Should be do-able then! Been a few tele style sevens done by other forum members. Good luck! Look forwards to seeing where you go with this.


----------



## Jonisbrutal (Dec 7, 2011)

Here's a cool one some guy built out of an ibanez UV neck, and an old tele body.
Pretty neat build.

7-string Telinez - Telecaster Guitar Forum


----------



## youlhann (Aug 22, 2012)

Hey.

Sorry to post in an old thread but this seems to be the right one for my question.

I'm planning to turn a cheap explorer with a horrible neck into a seven strings guitar, because I traded my cheap 7 for EMG pickups, but have now no guitar to put them in...

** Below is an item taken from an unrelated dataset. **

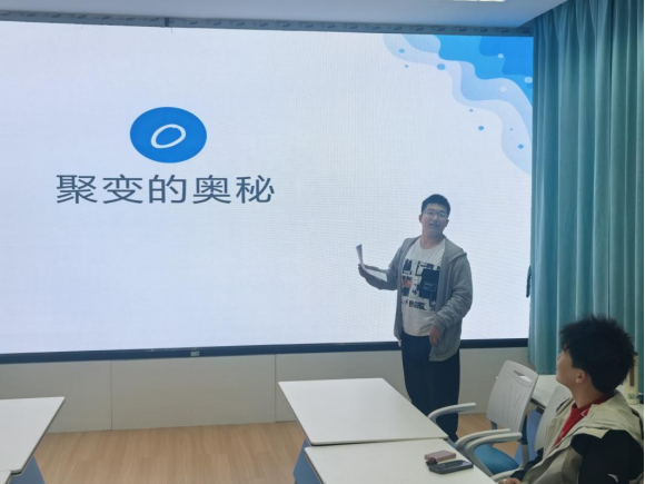 活动紧扣行业前沿,旨在搭建常态化学习交流平台,帮助同学们拓宽专业视野、明晰发展方向。活动中,何雨霖围绕核聚变相关内容作专题分享,重点介绍了核聚变的基本原理、技术优势、发展现状以及未来前景,并结合公司相关科研平台和研究基础,增进了同学们对核聚变领域的认识。随后,张博林结合国家能源发展战略和行业趋势,围绕核聚变技术现状、政策导向及未来发展方向进行了分享,进一步引导同学们认识核聚变在清洁能源体系中的重要意义,增强了大家对前沿核科学发展的关注与思考。

So I plan to buy a 7 strings neck, and do more or less the same things listed by Scotty.


The main problem I'm actually wondering about is if I should worry about the neck radius when choosing the bridge.

I read that Stratocasters or Les Paul necks usually don't have the same radius.
So could a hardtail bridge be a problem if the neck as a Gibson like radius ? Or a TOM with a Fender like radius ?


Then the scale thing that BobSmoke talked about is to be considered only if I don't want to move the bridge, right ? (a TOM on the guitar actually)

But it seems to me that I won't find a 7 strings bridge with the same size as the one actually installed so I don't really get how I could change it without drilling new holes, if I'm misunderstood I'd appreciate some explanations please.

Finally I'm wondering about the neck slot.

Will I have to make it deeper if the new neck installed is thicker than the original so that the fretboard stays at the same height ?
Or is this unrelevant as I would just have to adjust the bridge height according to the neck height and that would be enough ?

Thanks.


----------